Organizational Structure

Dick Stack’s (founder) son, Ed Stack has served as chairman and CEO of Dick’s Sporting Goods since 1984, having started with the company full-time in 1977. Based on the executive titles illustrated in Exhibit 1, it appears that Dick’s operates from a divisional-by-product type structure composed of three segments: softlines, hardlines, and team sports. Hardlines are basically anything except footwear and apparel. However, since an official organizational chart is not made public, likely only insiders know exactly who reports to who in the company.

Current Strategies

Dick’s operates in a highly competitive market where customers can purchase from traditional retailers or simply purchase from online merchants including Amazon and eBay where virtually anybody can be a merchant and barriers to entry are slim. However, Dick’s has done well with net income up over 12 percent in the year ending February 2018. The company offers a wide selection of brands ranging in prices (according to Dick’s) from good to excellent, providing customers of all income levels and athletic skill levels attractive products. Dick’s is committed to hiring expert personal in the various departments of the store. For example, if you are in the market for a bicycle, Dick’s has bicycle mechanics on staff who often have the same level of knowledge you would find in a bicycle specialty shop.

Want to hit golf balls? No problem—go to Dick’s golf hitting bay and work with coaches to help select the right clubs for you. Want to shoot a bow or test out new running shoes? Simply shoot a few arrows in the archery lane or hop on a treadmill in the store, all supported by knowledgeable employees. This level of service is one way Dick’s competes with online merchants as customers are not as likely to “showroom” (browse the store then go buy online for a cheaper source) if they received such personal and dedicated attention. It is also a great way to build customer loyalty and attract people into the store.

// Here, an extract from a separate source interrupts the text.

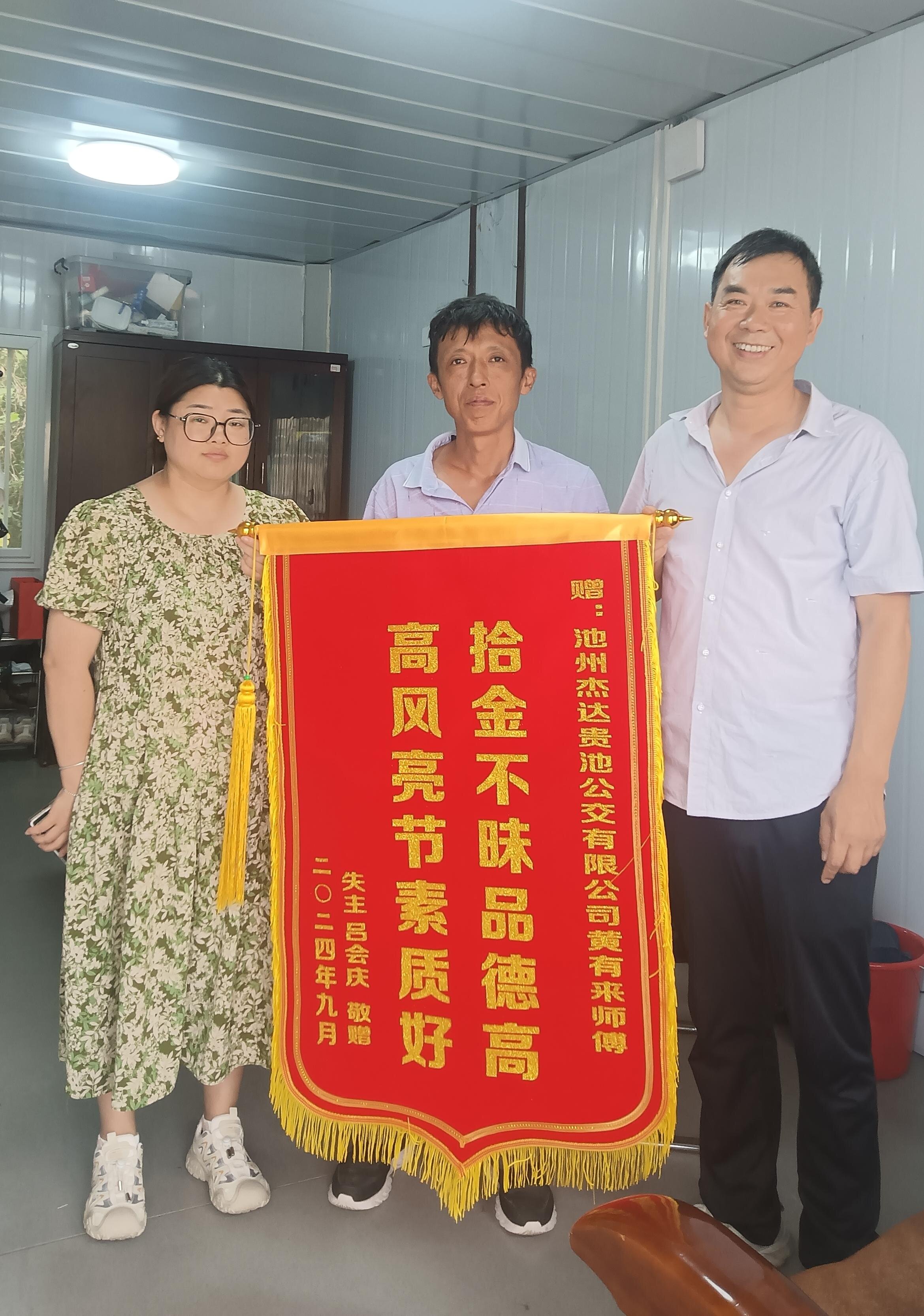 2024年9月12日下午,池州杰達貴池公交公司收到了來自上海呂會慶先生委托其朋友送來的一面錦旗。經(jīng)了解,2024年9月9日下午,公交駕駛員黃有來師傅在執(zhí)行完花廟至貴池的班次任務(wù)車輛入庫后,在打掃衛(wèi)生時發(fā)現(xiàn)后座上有一手提袋,外面散落了大量現(xiàn)金,黃有來師傅即刻將手提袋及現(xiàn)金交到調(diào)度室。失主在收到丟失物品后非常激動,送來錦旗以表謝意。黃有來作為一名普通的公交駕駛員,在崗位上展現(xiàn)出拾金不昧的精神,不僅體現(xiàn)了個人高尚的道德品質(zhì)和社會責任感,也傳遞了社會正能量。

In 2017, Dick’s transitioned from outsourcing its e-commerce platforms to performing these tasks in-house in what Dicks hopes will provide increased control and allow the firm to target and interact with customers more effectively. Dick’s is aggressively adding Field & Stream stores inside existing Dick’s Sporting Goods stores in hopes of cross selling fishing gear with other sporting goods products. In addition, Dick’s offers Golf Galaxy stores inside select Dick’s stores. Dick’s markets itself as offering multiple specialty shops inside each store; footwear, team sports, outdoor lodge, fitness, and others are all considered specialty stores by some measures. Adding similar store-in-a-store concepts is a viable strategy many firms are starting to employ in hopes of increasing foot traffic.

Dick’s offers many popular brands including Asics, Adidas, Nike, Columbia, Callaway Golf, TaylorMade, Under Armour, and Yeti. Offering famous brands aids in attracting customers into Dick’s stores. Dick’s also offers several private label brands which tend to have higher profit margins than brand names. Several private label brands include Field & Stream, Fitness Gear, Lady Hagen, CALIA of women’s athletic apparel, Top-Flite, Quest, and others. Private label brands account for about 10 percent of company wide sales, but Dick’s is planning to aggressively expand private brands, in particular its CALIA line. Dick’s also has agreements from several brand name firms to be an exclusive provider, including Slazenger, Umbro, Reebok, and others.

Dick’s is somewhat dependent on Nike and Under Armour for its products as the two account for 20 and 12 percent, respectively, of Dick’s sales. No other firm accounts for more than 10 percent out of the remaining 1,400 vendors.